No debe creerse que tal apreciación es algo insólito. En un libro menos conocido y bastante más breve que su Democracia en América, Alexis de Tocqueville escribía: «Ningún gran evento histórico está en mejor posición que la Revolución Francesa para enseñar a los escritores políticos y a los estadistas a ser cuidadosos en sus especulaciones; porque nunca hubo un evento tal, surgiendo de factores tan alejados en el tiempo, que fuese a la vez tan inevitable y tan completamente imprevisto. Las opiniones de los testigos oculares de la Revolución no estaban mejor fundadas que las de sus observadores foráneos, y en Francia no hubo real comprensión de sus objetivos aún cuando ya se había llegado al punto de explotar… es decididamente sorprendente que aquellos que llevaban el timón de los asuntos públicos – hombres de Estado, Intendentes, los magistrados – hayan exhibido muy poca más previsión. No hay duda de que muchos de estos hombres habían comprobado ser altamente competentes en el ejercicio de sus funciones y poseían un buen dominio de todos los detalles de la administración pública; sin embargo, en lo concerniente al verdadero arte del Estado—o sea una clara percepción de la forma como la sociedad evoluciona, una conciencia de las tendencias de la opinión de las masas y una capacidad para predecir el futuro—estaban tan perdidos como cualquier ciudadano ordinario». (El Antiguo Régimen y la Revolución).

Algo así como los teóricamente mejor preparados ministros del segundo gobierno de Carlos Andrés Pérez, que jamás imaginaron el «caracazo» de 1989, las asonadas del 92 o que su jefe tuviera que dejar antes de tiempo la Presidencia.

La crisis venezolana es ya una crisis madurada por más de veinte años de existencia. En lo económico llevamos 24 años de caída. En lo político, con la elección de Jaime Lusinchi, cuyo gobierno no podía ser distinto de lo que fue, la crisis se manifestó con claridad.
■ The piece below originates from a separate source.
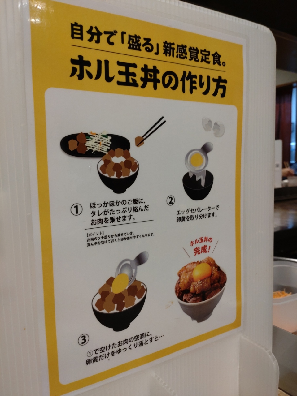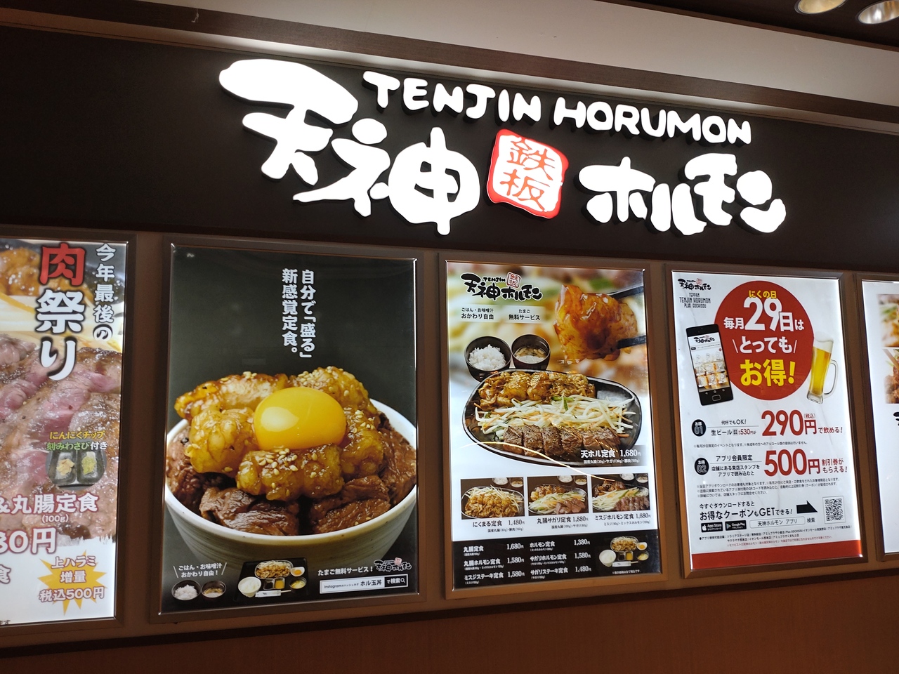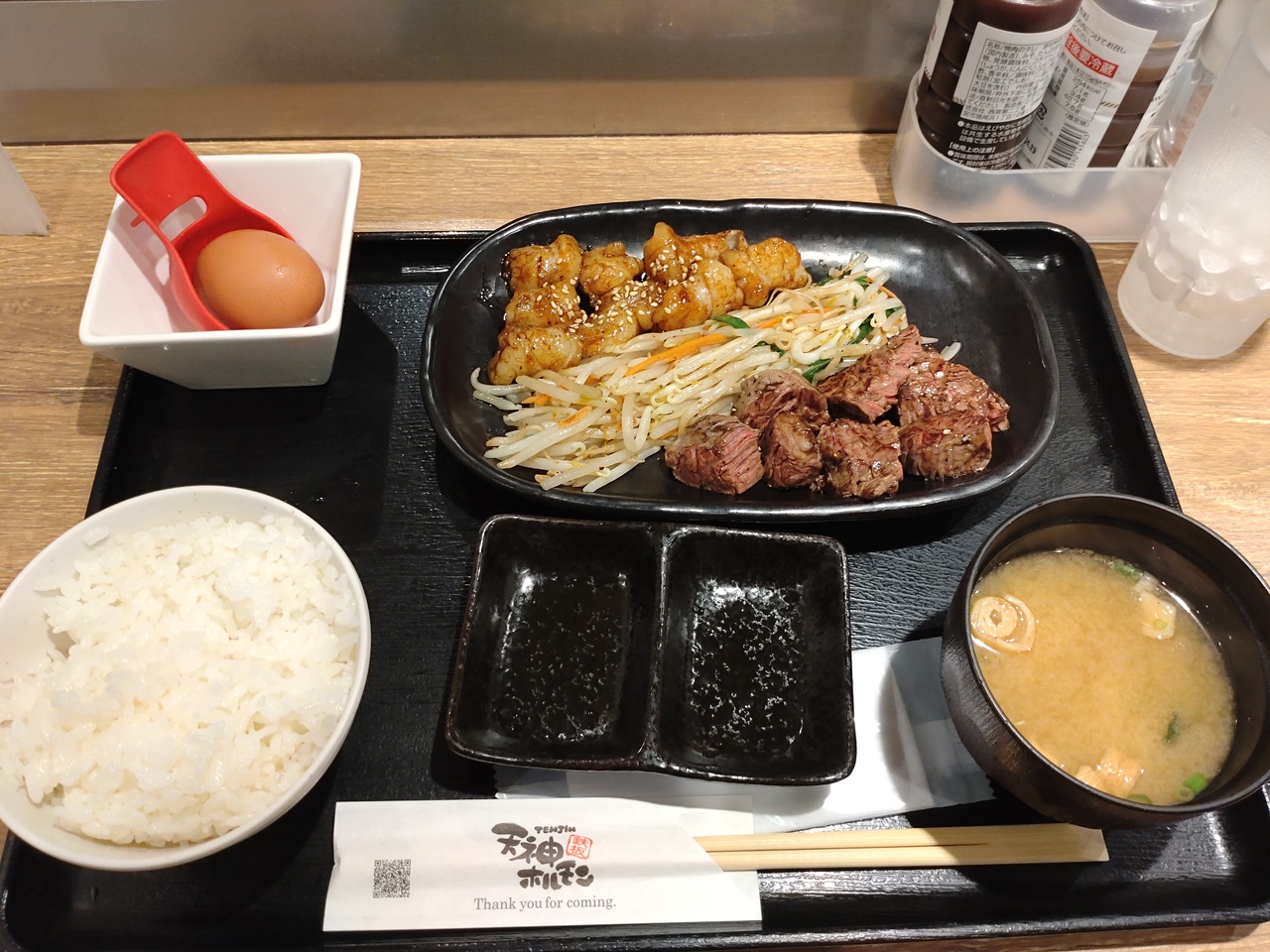 今回訪問した日は、29日の肉の日。肉の日は割引かあり、「国産丸腸とサガリステーキ定食」が100円引だったので、こちらをオーダー。新鮮なホルモンは外はカリッと中はじんわり。サガリはめちゃくちゃ柔らかい。赤身なので後でもたれないのも良い。生卵が一個無料サービスで、これを使って二杯目は、お店推奨の「ホルたま丼」に。B級グルメの代表のような味は、おいしくないわけがない。ご飯とお味噌汁のおかわりが自由というのも嬉しいサービス。やはり福岡で食べたい味かも。- 旅行時期

Ahora tenemos la crisis de Chávez. Es la más virulenta, la más violenta fase de nuestra crisis política. Por esa razón es capaz de enmascarar—por un tiempo—la crisis anterior, la crisis fundamental.

……………

La crisis de la política, antes que una crisis política. La crisis de la política misma. O si se quiere, la crisis del sistema político venezolano es, por sobre todo, una crisis del modo de hacer política, definida como el ejercicio de una profesión cuyo valor ético primario sea el deber de procurar las mejores soluciones a los problemas públicos. Y desaparecido Chávez esa crisis continuará irresuelta.

Es una crisis del paradigma político de la Realpolitik, que tantas veces hemos expuesto acá: el objeto de la política es acumular poder e impedir que otros lo hagan porque en caso contrario los otros lo harán e impedirán que yo lo haga. Debo tomar en cuenta que los adversarios juegan sucio y no puedo por consiguiente pretender que los derrotaré jugando limpio.

A la larga, una sociedad informatizada—y Chávez no podrá callar a todos los medios—aprenderá a exigir de sus sucesores una utilidad de soluciones a problemas públicos, y por tanto forzará un cambio al paradigma médico de la política: que el político procurará la salud de su comunidad con su aporte a la solución de problemas públicos.

¿Es que podemos afirmar que falta mucho para que ocurran «caracazos» a escala planetaria, continental o subcontinental? ¿Podemos decir que son imposibles? Por más que avancen las tecnologías del poder, el poder último es el de la humanidad, que perfectamente puede manifestarse en alteraciones del orden público a escala del mundo, como la misma tierra parece alterar el clima, la marcha de los océanos, el vulcanismo, en reclamo por nuestras agresiones. Pobladas simultáneas en las principales ciudades suramericanas tendrían efectos tan drásticos y extensos como los del Niño.

Y aprenderá también nuestra sociedad a despreciar los discursos perlados de nombres de soluciones, no de soluciones verdaderas: «Hay que reactivar la economía», «hay que erradicar la pobreza», «hay que crear empleo», etcétera, etcétera.

Los ciudadanos, inevitablemente, aprenderemos esas cosas. Todavía nos tomará un tiempo, pero vamos a aprender.